Turnover of Proteins

  • Period turnover:
    • Mediated by an SCF complex, an E3 ubiquitin ligase.
    • Ubiquitin is added to lysine residues of the substrate protein.
    • Forms a chain of polyubiquitin.
    • The chain is recognized by a proteasome, that degrades the proteins.
    • The E1, E2, and E3 ubiquitin ligases have an adaptor called an F-box protein which allows the SCF complex to target different substrates.
    • Double time-mediated phosphorylation of period makes it recognizable by the F-box protein and the SCF complex, leading to its turnover.
  • Timeless turnover:
    • Binds in a light-dependent way to the blue light photoreceptor cryptochrome.
    • In the presence of blue light, the binding with cryptochrome activates target tunnels for degradation that will destabilize period.
    • The binding leads to a phosphorylation event by an unknown kinase.
    • Allows timeless to be recognized by an F-box protein known as JetBlack or Jet, forming a link to an SCF complex and degradation.
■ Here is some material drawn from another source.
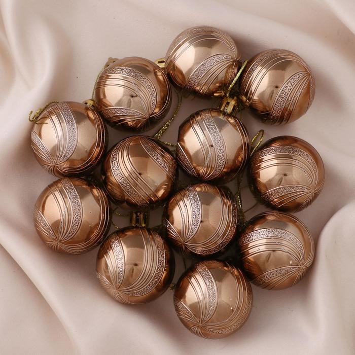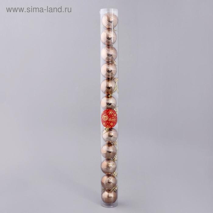 Набор шаров пластик d-4 см, 12 шт "Вертикаль" коричневый

Synchronizing to the Environmental Cycle

  • Light-dependent turnover of timeless synchronizes the clock to the environmental light-dark cycle.
  • Mechanism:
    • Light in the early night (late dusk):
      • Cryptochrome seeing light activates timeless for degradation, destabilizing in turn period.
      • Disrupts the accumulating period/timeless complex (ready to enter the nucleus).
      • Destabilizes period.
      • Delays the buildup of the complex, delaying negative feedback (phase delay).
    • Light in the late night:
      • Cannot prevent negative feedback (which has already occurred).
      • Enhances the resolution of negative feedback.
      • Speeds up the return to the active state.
      • Light in the late night advances the system by moving it faster to a stage where clock and cycle can be active again.

Mammalian Clock

  • The fruit fly clock is a paradigm for timekeeping across organisms, including humans.
  • The mammalian clock has similar components:
    • Clock and Cycle.
    • Binding sites.
    • Period
    • Casein kinase one, epsilon and delta.
  • Differences:
    • Instead of timeless, there is Cry (not homologous to Drosophila Cry, but acts like timeless).
    • Cryptochrome in mammals is not a photoreceptor.
    • Light-mediated signals from the eyes can reset brain clocks in flies and humans.
    • In the suprachiasmatic nucleus, light enhances the expression of period one and period two, synchronizing it with the external light-dark cycle.

Linking to Overt Rhythms (e.g., Sleep)

  • Clock control genes (genes controlled by the clock) are expressed rhythmically, making their functions rhythmic.

Connecting Clock Neurons to the Sleep-Wake Cycle in Fruit Flies

  • Three sets of neurons with clocks communicate with each other using neuropeptides:
    • Pigment dispersing factor (PDF): Equivalent to VIP in the human SCN.
    • Small neuropeptide F (sNPF): communicates with dorsal neurons.
  • Small ventral lateral neurons (sLN) and dorsolateral neurons (lLN) use sNPF.
  • Dopaminergic cells receive input from both light-active and dark-active pacemakers.
  • Dopaminergic neurons link to a central complex (ellipsoid body structure).
  • The central complex outputs to the ventral dopaminergic circuit, controlling rest and activity rhythms.
  • Dopamine relays timekeeping information from clocks to the activity circuit, controlling the sleep-wake rhythms.

Additional Circuit

  • Dorsal neurons project to the pars intercerebralis (equivalent to the hormonal axis in the human hypothalamus).
  • Corticotropin-releasing hormone equivalent (CRH) is released.
  • Goes to cells that express another neuropeptide (Hugin).
  • Feeds back on the clock itself.
    • Hugin is equivalent to human neuropeptide Y.
    • This is an external feedback loop.

Conclusion

  • Similar, potentially more complex circuits likely act in the human brain.